What the task asks -
A picture should never appear in your copy. Transcribe the listing exactly from its first line through the line with "薄切りの根セロリをバターで優", both ends included.

►

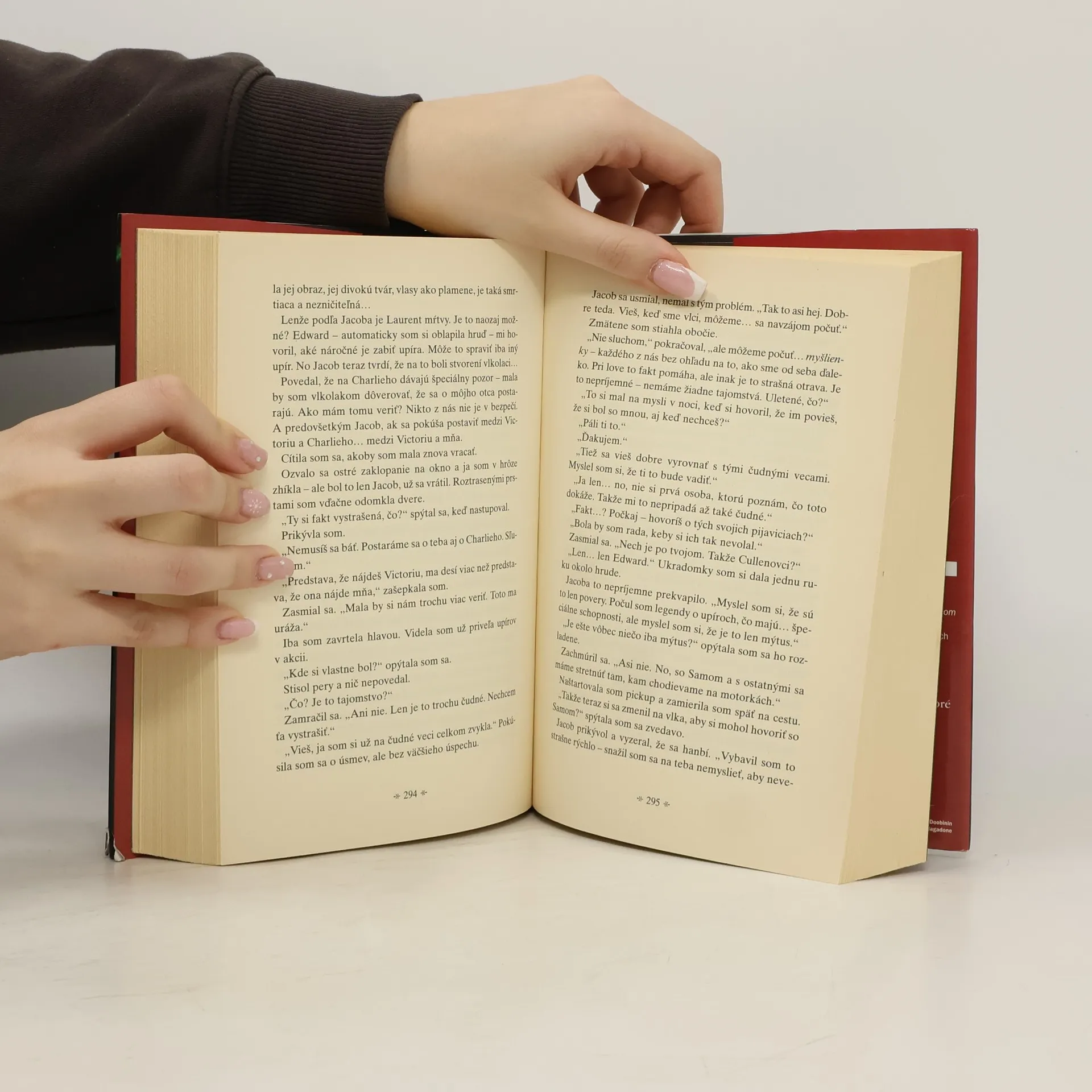 Musím říct, že mé nadšení z prvního dílu se naprosto nedá vyrovnat dílu druhému. Je to něco naprosto odlišného. Hodně mi tu chybí postava Edwarda Cullena, protože hlavně díky němu jsou ty knihy a příběh samotný, tak zajímavý, je to kontrast zlo x dobro. V téhle knize se objevuje většinou pouze Bella a Jacob, což je pro mě jako dobro x dobro, proto jsem se při čtení druhého dílu hodně nudila.
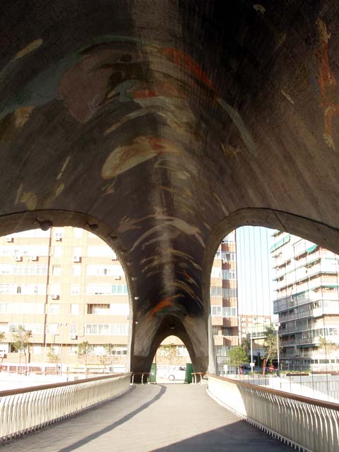Además de la pasarela de Perrault, al paseante le llaman la atención otros dos puentes con forma de bóveda que unen el antiguo matadero con la otra orilla del Manzanares. El autor es Hugo Corres, quien ha contado con varios artistas para realizar los espléndidos murales de gresite, cuyas pequeñas teselas coloreadas reproducen a gentes diversas vistas desde abajo.
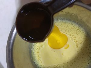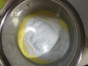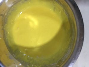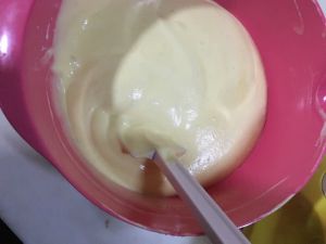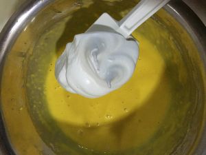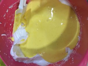 13、翻拌好的蛋黄糊倒入蛋白盆中,继续用刚才的方法拌匀
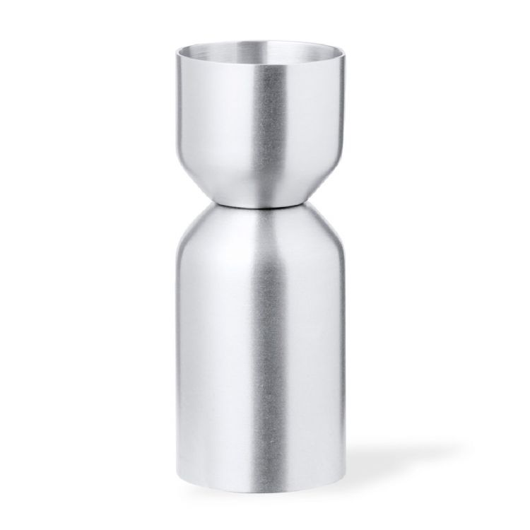 Bicchiere dosatore per bevande in acciaio inox con finitura opaca. Appositamente progettato per la stampa laser e presentato in una scatola kraft di design. (colore argento)
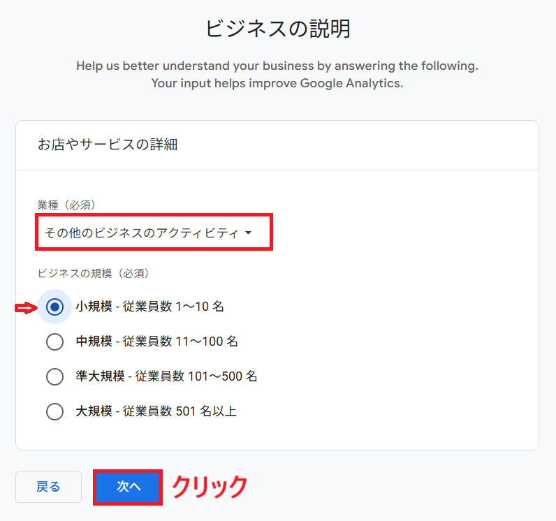業種は当てはまるものがなければ、その他のビジネスのアクティビティを選択
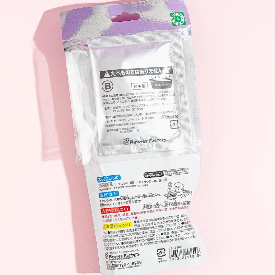 Have fun in the bath with this pack of aquamarine-scented bath salt! It contains a plastic ladle and balls featuring the characters from Crayon Shin-Chan. Use the ladle to scoop up the balls while in the tub!
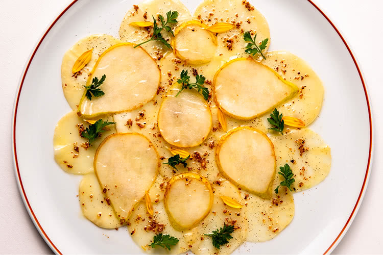 薄切りの根セロリをバターで優しくコンフィ。上に洋ナシのスライスを重ね、グリルして砕いたノワゼットを散らす。同系色の野菜や果物をとり合わせるのは、パサール氏の好み 母は洋裁師、父は音楽家、祖父はかご作り職人。芸術家と職人が織りなすアーティスティックな環境は、パサール氏に、自然と、色彩や詩情といった美に対する感性を植え付けていたのだ。
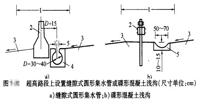 (1)寬度小于3m且表面采用鋪面封閉的中央分隔帶排水,降落在分隔帶上的表面水排向兩側(cè)行車道,其坡度與路面的橫坡度相同;在超高路段上,可在分隔帶上側(cè)邊緣處設(shè)置緣石或泄水口,或者在分隔帶內(nèi)設(shè)置縫隙式圓形集水管或碟形混凝土淺溝和泄水口,以攔截和排泄上側(cè)半幅路面的表面水。緣石過水?dāng)嗝娴男顾诳刹捎瞄_口式,格柵式或組合式;碟形混凝土淺溝的泄水口采用格柵式。
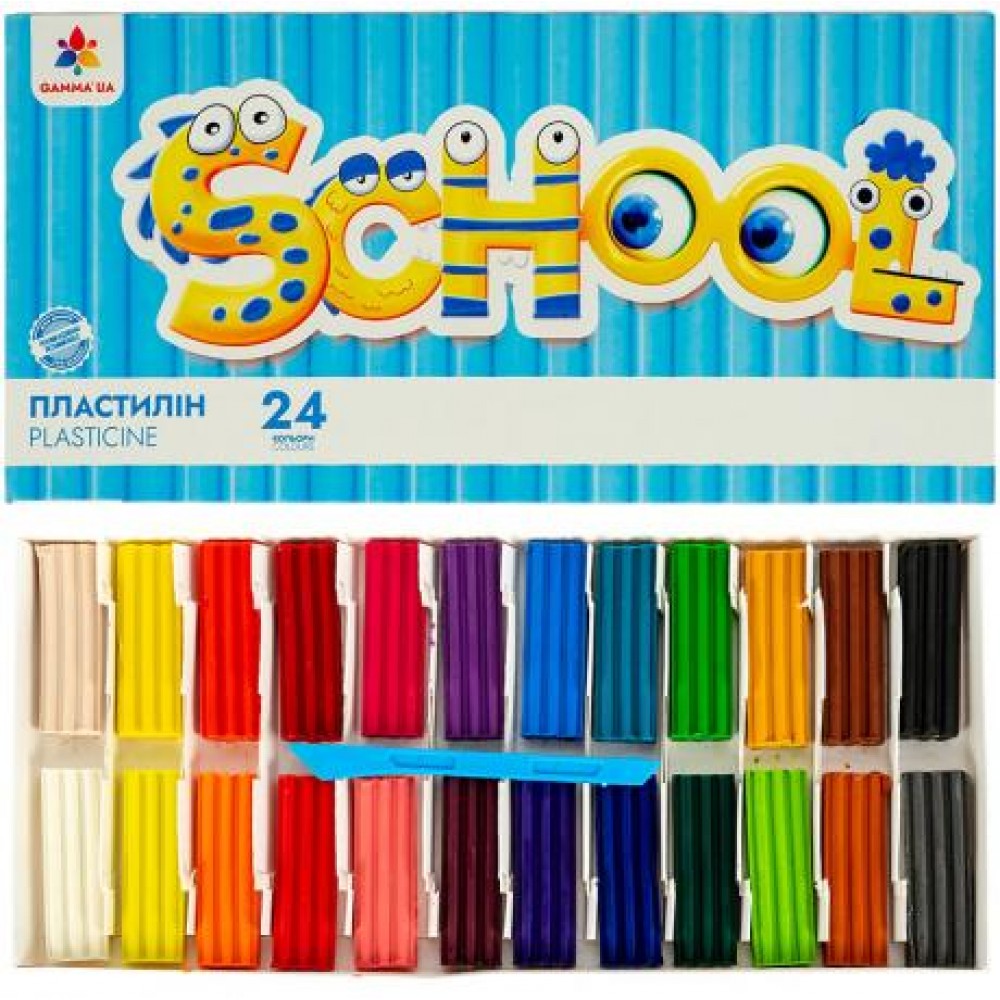 Пластилін містить 24 кольори і ножик. Виготовлений на восковій основі, не липне до рук і не токсичний. Використовується для ліплення фігур, ескізів, скульптурних робіт та малих моделей. Розмір упаковки 32*15*2см

◄

Your response -
 Musím říct, že mé nadšení z prvního dílu se naprosto nedá vyrovnat dílu druhému. Je to něco naprosto odlišného. Hodně mi tu chybí postava Edwarda Cullena, protože hlavně díky němu jsou ty knihy a příběh samotný, tak zajímavý, je to kontrast zlo x dobro. V téhle knize se objevuje většinou pouze Bella a Jacob, což je pro mě jako dobro x dobro, proto jsem se při čtení druhého dílu hodně nudila.
Además de la pasarela de Perrault, al paseante le llaman la atención otros dos puentes con forma de bóveda que unen el antiguo matadero con la otra orilla del Manzanares. El autor es Hugo Corres, quien ha contado con varios artistas para realizar los espléndidos murales de gresite, cuyas pequeñas teselas coloreadas reproducen a gentes diversas vistas desde abajo.
 13、翻拌好的蛋黄糊倒入蛋白盆中,继续用刚才的方法拌匀
 Bicchiere dosatore per bevande in acciaio inox con finitura opaca. Appositamente progettato per la stampa laser e presentato in una scatola kraft di design. (colore argento)
業種は当てはまるものがなければ、その他のビジネスのアクティビティを選択
 Have fun in the bath with this pack of aquamarine-scented bath salt! It contains a plastic ladle and balls featuring the characters from Crayon Shin-Chan. Use the ladle to scoop up the balls while in the tub!
 薄切りの根セロリをバターで優しくコンフィ。上に洋ナシのスライスを重ね、グリルして砕いたノワゼットを散らす。同系色の野菜や果物をとり合わせるのは、パサール氏の好み 母は洋裁師、父は音楽家、祖父はかご作り職人。芸術家と職人が織りなすアーティスティックな環境は、パサール氏に、自然と、色彩や詩情といった美に対する感性を植え付けていたのだ。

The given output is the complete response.